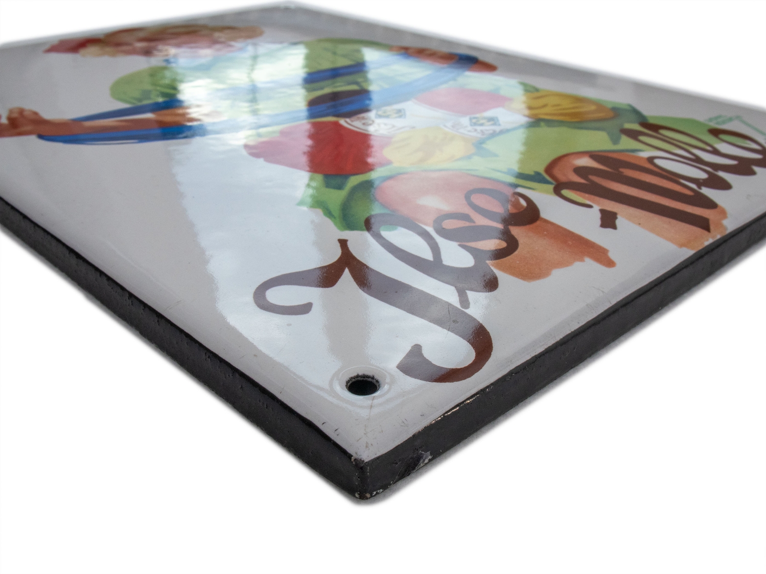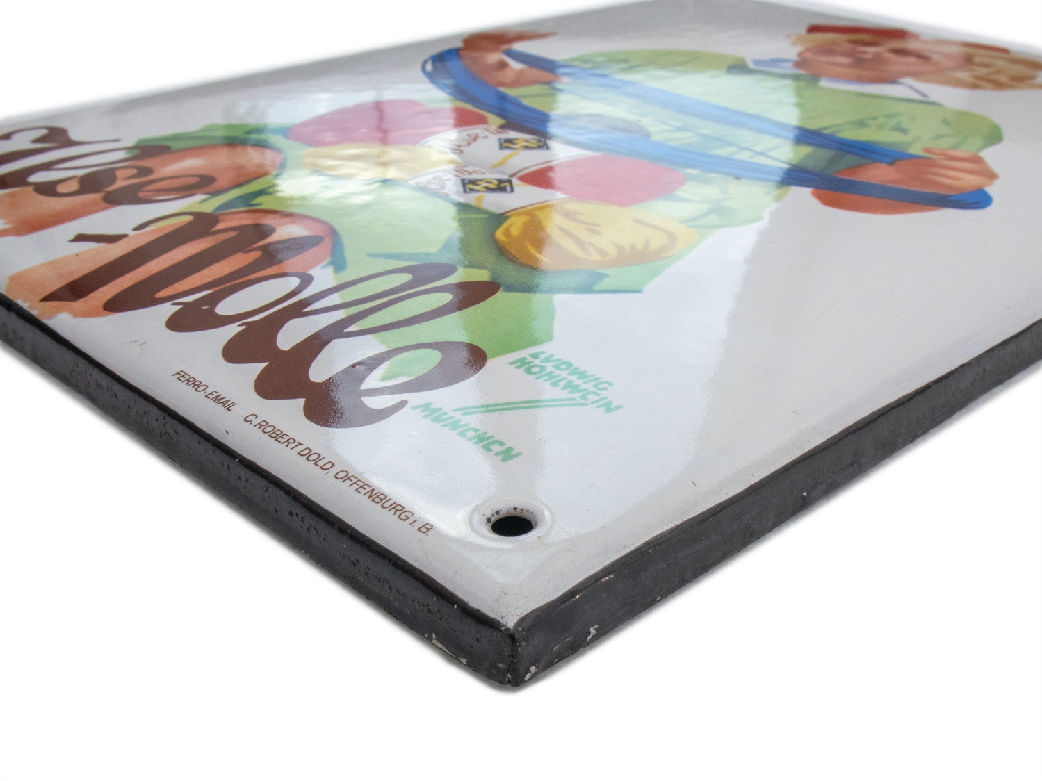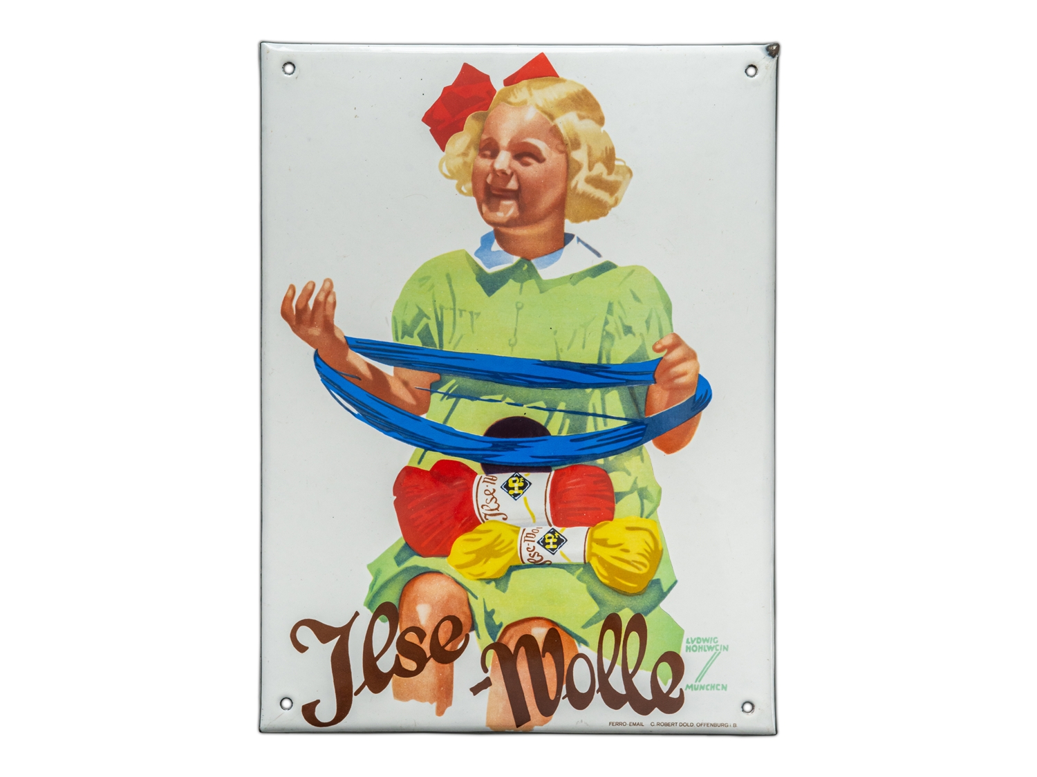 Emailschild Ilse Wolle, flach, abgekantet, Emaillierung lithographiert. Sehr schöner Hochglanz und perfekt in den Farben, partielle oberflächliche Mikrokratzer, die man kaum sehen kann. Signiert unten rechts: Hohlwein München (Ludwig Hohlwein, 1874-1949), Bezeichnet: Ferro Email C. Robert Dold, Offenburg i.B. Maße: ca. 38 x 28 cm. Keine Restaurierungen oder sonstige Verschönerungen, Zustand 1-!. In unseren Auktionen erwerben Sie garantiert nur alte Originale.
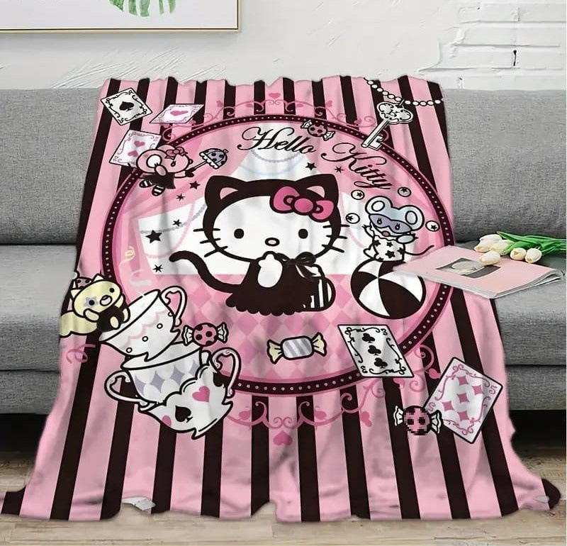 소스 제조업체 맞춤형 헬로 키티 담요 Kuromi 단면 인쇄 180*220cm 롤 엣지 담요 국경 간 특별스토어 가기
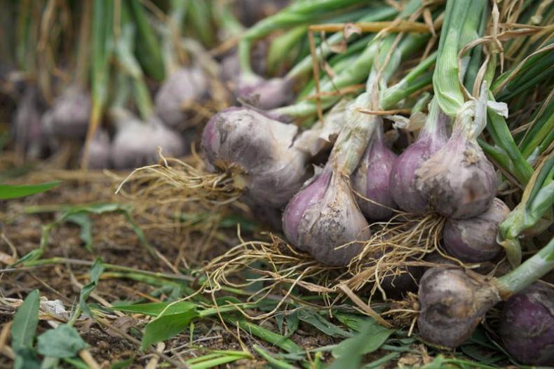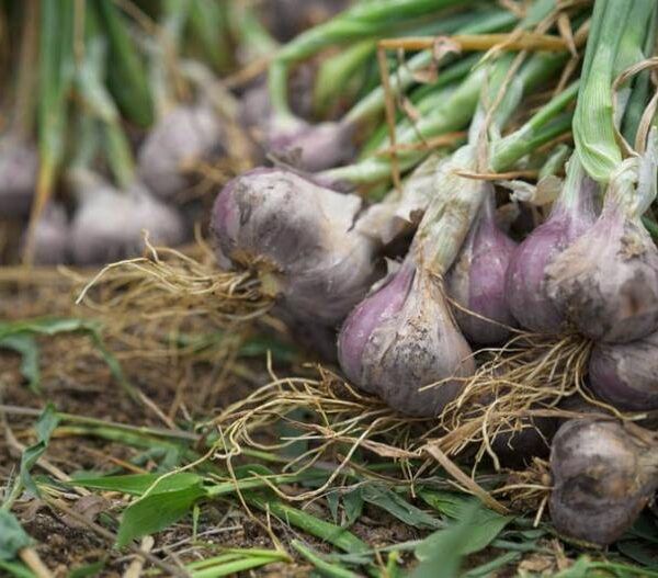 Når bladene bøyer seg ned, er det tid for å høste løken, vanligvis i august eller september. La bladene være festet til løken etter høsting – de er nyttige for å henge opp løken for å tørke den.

**Assignment**
Reproduce the whole listing verbatim and keep all pictures out of it.

**Result of this exercise**
 Emailschild Ilse Wolle, flach, abgekantet, Emaillierung lithographiert. Sehr schöner Hochglanz und perfekt in den Farben, partielle oberflächliche Mikrokratzer, die man kaum sehen kann. Signiert unten rechts: Hohlwein München (Ludwig Hohlwein, 1874-1949), Bezeichnet: Ferro Email C. Robert Dold, Offenburg i.B. Maße: ca. 38 x 28 cm. Keine Restaurierungen oder sonstige Verschönerungen, Zustand 1-!. In unseren Auktionen erwerben Sie garantiert nur alte Originale.
 소스 제조업체 맞춤형 헬로 키티 담요 Kuromi 단면 인쇄 180*220cm 롤 엣지 담요 국경 간 특별스토어 가기
 Når bladene bøyer seg ned, er det tid for å høste løken, vanligvis i august eller september. La bladene være festet til løken etter høsting – de er nyttige for å henge opp løken for å tørke den.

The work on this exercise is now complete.